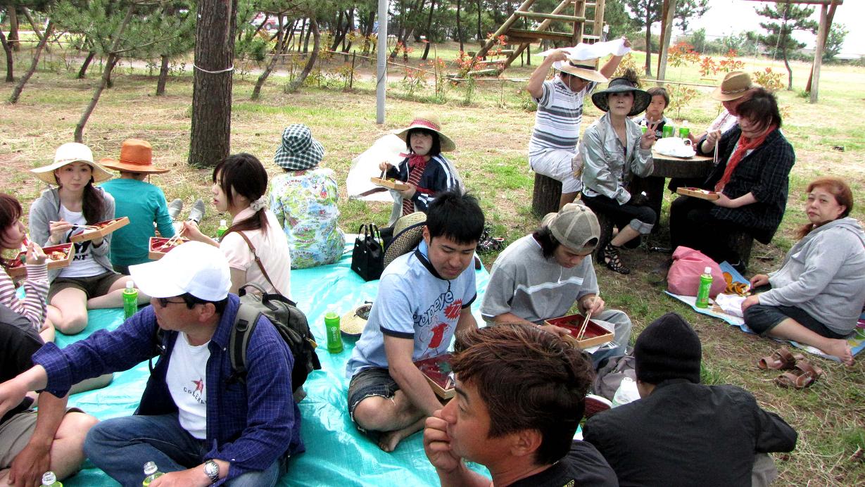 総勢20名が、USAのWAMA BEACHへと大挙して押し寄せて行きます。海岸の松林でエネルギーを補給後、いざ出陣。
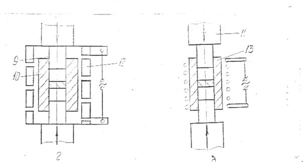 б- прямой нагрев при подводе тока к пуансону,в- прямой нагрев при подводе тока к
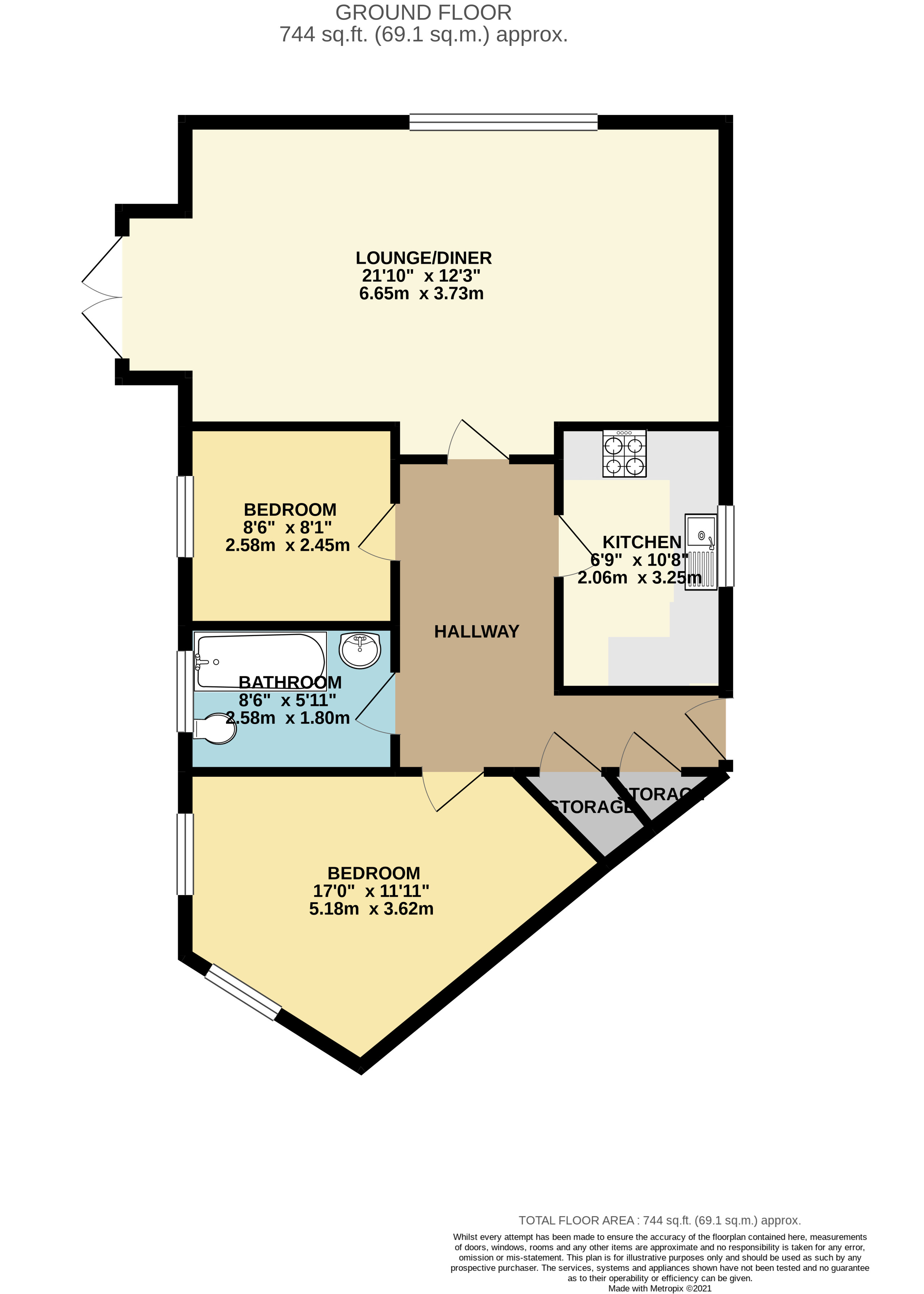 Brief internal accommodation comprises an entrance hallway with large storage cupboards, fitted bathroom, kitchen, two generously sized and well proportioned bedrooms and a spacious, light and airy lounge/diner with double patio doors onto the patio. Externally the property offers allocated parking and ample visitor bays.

:::

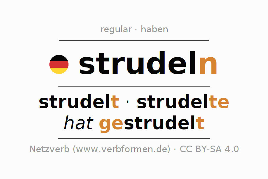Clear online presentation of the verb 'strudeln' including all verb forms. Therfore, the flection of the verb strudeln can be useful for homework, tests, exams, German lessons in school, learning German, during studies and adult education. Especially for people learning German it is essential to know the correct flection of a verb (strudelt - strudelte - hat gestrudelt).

:::

Task goal
Working from the entries above, please transcribe only the lines from the line with "総勢20名が、USAのWAM" through the line with "Brief internal accommodation", exactly, with both end lines and without pictures.

Solution for this problem
 総勢20名が、USAのWAMA BEACHへと大挙して押し寄せて行きます。海岸の松林でエネルギーを補給後、いざ出陣。
 б- прямой нагрев при подводе тока к пуансону,в- прямой нагрев при подводе тока к
 Brief internal accommodation comprises an entrance hallway with large storage cupboards, fitted bathroom, kitchen, two generously sized and well proportioned bedrooms and a spacious, light and airy lounge/diner with double patio doors onto the patio. Externally the property offers allocated parking and ample visitor bays.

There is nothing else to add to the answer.